Cefotetan's primary advantage is its potent activity against anaerobic bacteria, particularly Bacteroides fragilis, which is common in intra-abdominal and gynecologic infections [2]. Many other cephalosporins have limited or no anaerobic coverage.

2. Does Cefotetan cover MRSA infections?

No, Cefotetan does not cover methicillin-resistant Staphylococcus aureus (MRSA) infections [4]. Infections caused by MRSA typically require different antibiotic classes, such as vancomycin or linezolid.

3. How does Cefotetan compare to carbapenems?

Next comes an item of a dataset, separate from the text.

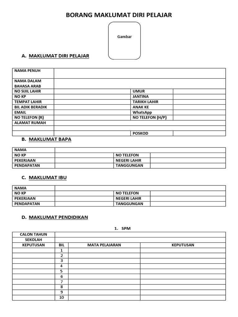 Borang maklumat diri dan pengenalan wakaf. Poskod bandar negeri borang maklumat murid modul pengurusan murid, sistem pengurusan sekolah kementerian pendidikan malaysia (hari) (bulan) (tahun) warganegara (hari) (bulan) (tahun) perempuan lelaki poskod. Maklumat diri online worksheet for pendidikan khas. Senarai semak permohonan penempatan pegawai perubatan (lantikan baru). Maklumat pemohon nama pemohon :

Carbapenems (e.g., meropenem, imipenem) generally have a broader spectrum of activity, including against many multidrug-resistant Gram-negative pathogens and are often reserved for severe or hospital-acquired infections [5]. Cefotetan is typically used for less severe infections where its specific spectrum, including anaerobic coverage, is sufficient and is a more cost-effective option.

4. What are the most common side effects associated with Cefotetan?

Common side effects include injection site reactions (pain, redness), diarrhea, nausea, vomiting, and rash [1]. Less common but serious side effects can include hypersensitivity reactions and changes in blood cell counts.

5. Is Cefotetan still widely used in hospitals for surgical prophylaxis?

Yes, Cefotetan remains a commonly used agent for surgical prophylaxis, particularly in colorectal, abdominal, and gynecologic surgeries, due to its efficacy against common pathogens and its favorable anaerobic coverage [3]. Its cost-effectiveness also contributes to its continued use in this setting.


Citations

[1] Cerner Multum. (2023, October 16). Cefotetan. Drugs.com. Retrieved from https://www.drugs.com/mtm/cefotetan.html

[2] Giamarellou, H., & Antoniadou, A. (2004). Cefotetan: clinical experience and spectrum of activity. Clinical Infectious Diseases, 38(Supplement_1), S29-S35.

[3] Royal College of Obstetricians and Gynaecologists. (2017). Antibiotic prophylaxis for women undergoing Caesarean section. Green-top Guideline No. 74.

[4] Patel, N., & Zaidi, A. K. M. (2010). Second-generation cephalosporins. In Pediatric Antimicrobial Therapy (pp. 143-146). American Academy of Pediatrics.

[5] World Health Organization. (2018). Critically important antimicrobials for human medicine: 5th list.

[6] Grand View Research. (2023). Antibiotics Market Size, Share & Trends Analysis Report By Product (Penicillin, Cephalosporin, Macrolide, Fluoroquinolone, Others), By Drug Class, By Indication, By Distribution Channel, By Region, And Segment Forecasts, 2023 - 2030.